- DVD cover
- Written by: Dave Erickson
- Directed by: Roger Young
- Starring: Dean Cain; Sarah Joy Brown; David Denman; Dee Wallace Stone; G. W. Bailey;
- Music by: Patrick Williams
- Country of origin: United States
- Original language: English

Production
- Executive producer: Diane Sokolow
- Producer: Diana Kerew
- Cinematography: James Bartle
- Editor: Benjamin A. Weissman
- Running time: 84 minutes
- Production companies: Modern Videofilm Inc.; Sokolow Company; Sony Pictures Television; Stu Segall Productions;

Original release
- Release: February 13, 2004

= The Perfect Husband: The Laci Peterson Story =

2004 American television film

The Perfect Husband: The Laci Peterson Story is a 2004 American made-for-television crime film based on the murder of Laci Peterson starring Dean Cain, Sarah Brown, Tracy Middendorf and Tom O'Brien.

==Plot==
The film is told through the perspectives of Scott and Laci Peterson's friends & family, who trusted and supported Scott until they could not believe him any more.

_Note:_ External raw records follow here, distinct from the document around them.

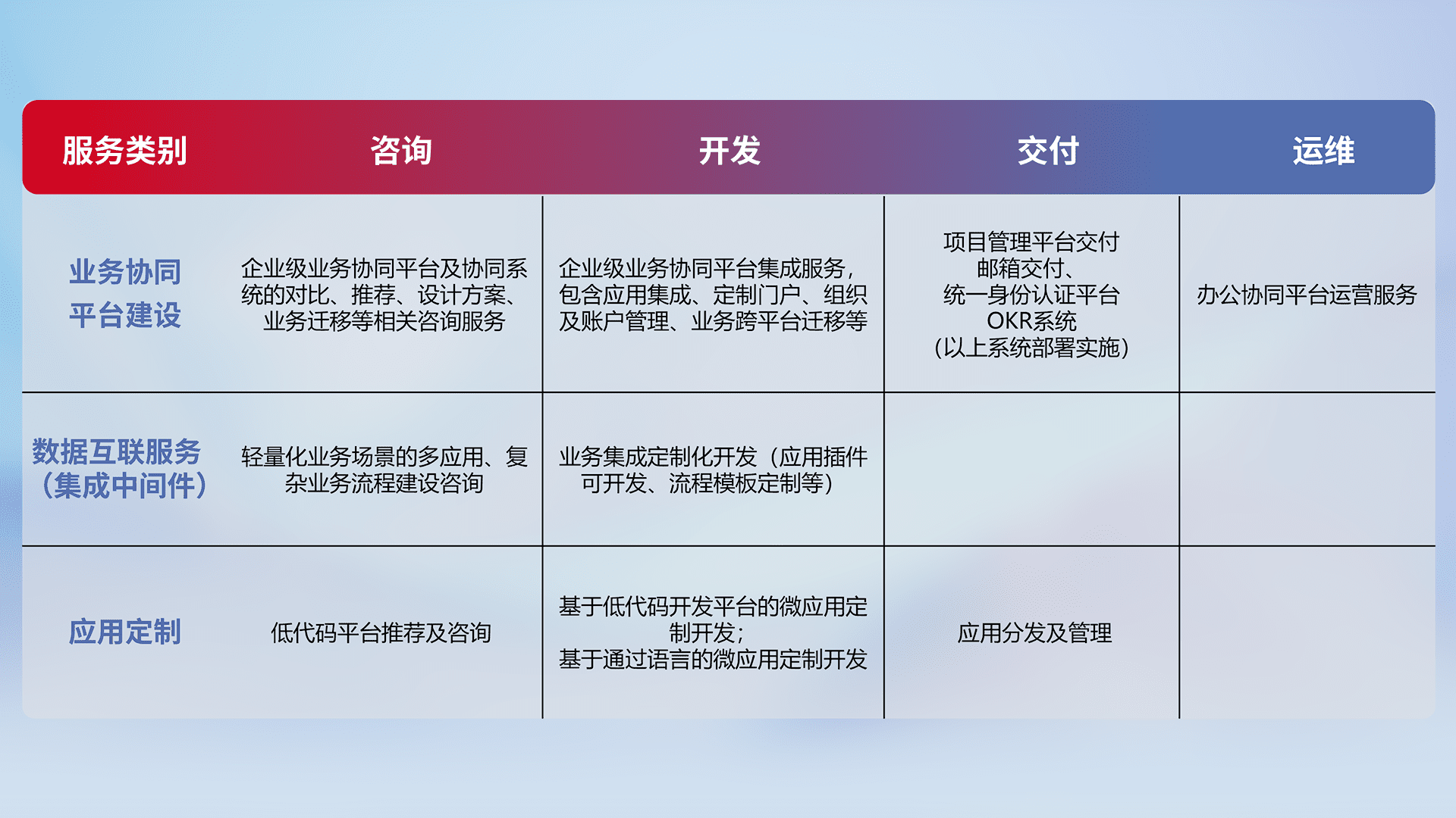 针对钉钉、、、企微、、、IDaas等平台级产品提供产品的规划、、、方案、、、交付、、、定制化开发等服务,,实现如统一协同办公、、、、智能客户服务、、混合会议管理、、、智能数据查询、、等业务场景,,实现数字化转型。。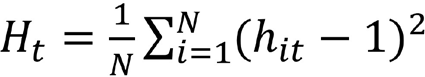 (4)Dondehit es el parámetro de transición relativo, que captura la ruta de transición para el promedio del panel en el momento t. Es decir, traza un camino de transición del individuo i respecto al promedio del panel. En este sentido, para probar la convergencia, Phillips y Sul (2007) proponen un enfoque semiparamétrico y asumen la siguiente forma general del coeficiente: ,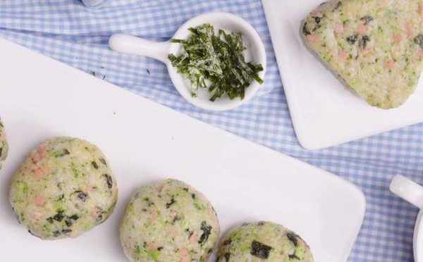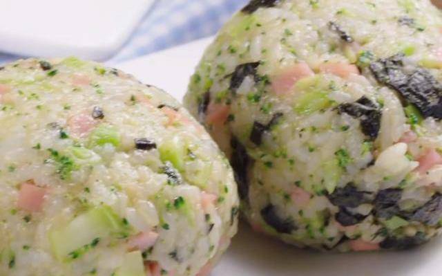 【準備原料】:預先煮熟的溫糯米飯300g,西蘭花120g,海苔碎40g,火腿方腸三分之一根,少許的食用油,一勺生抽,一勺耗油即可。

Laci Peterson was a pregnant mother-to-be. On Christmas Eve, 2002, she disappeared. Her husband Scott Peterson, and her family go out to search for Laci, but there are no signs of her anywhere. Months go by, but the media and the public begin to suspect that Scott murdered his wife. The Rocha family support and defend Scott, until Scott's mistress Amber Frey comes forward at a press conference and admits to an affair with Scott, and photographic proof confirming their relationship surfaces. The Rochas start to doubt Scott's innocence, especially Laci's mother, Sharon, who had always believed Scott to be the perfect husband. Finally, the Rocha family publicly announce that they no longer support Scott.

In April 2003, the body of Laci and Scott's unborn son washed up on shore: the remains of a torso later identified as Laci washed up a few miles away from the baby's remains, and the two were officially declared murdered. Scott was arrested.

==Cast==
- Dean Cain as Scott Peterson
- Sarah Joy Brown as Kate Vignatti
- David Denman as Tommy Vignatti
- Dee Wallace as Sharon Rocha
- G. W. Bailey as Detective Gates
- Tracy Lynn Middendorf as Amber Frey
- Paul Vincent O'Connor as Dennis Rocha
- Peter Jason as Ron Grantski
- Tom O'Brien as Detective Ross
- Tim Quill as Brent Rocha
- Cindy Hogan as Kim Peterson
- Palmer Davis as Angela Panati
- Heidi Marnhout as Donna Taylor
- Louise Gallagher as Jackie Peterson
- Joe Howard as Lee Peterson
- Tina Molina as Amy Rocha
- Dan Cashman as Mr. Whitman
- Jackson Jarvis as Sammy Vignatti
- Roark Critchlow as Todd Dewey
- Erin McKinley as Babysitter
- Meredith Leiber as Laci Peterson (uncredited)

==Home media==
The film was released on Region 1 DVD on June 8, 2004 through Sony Pictures and is rated PG-13. Widescreen format, with subtitles in English, Spanish, French and Thai.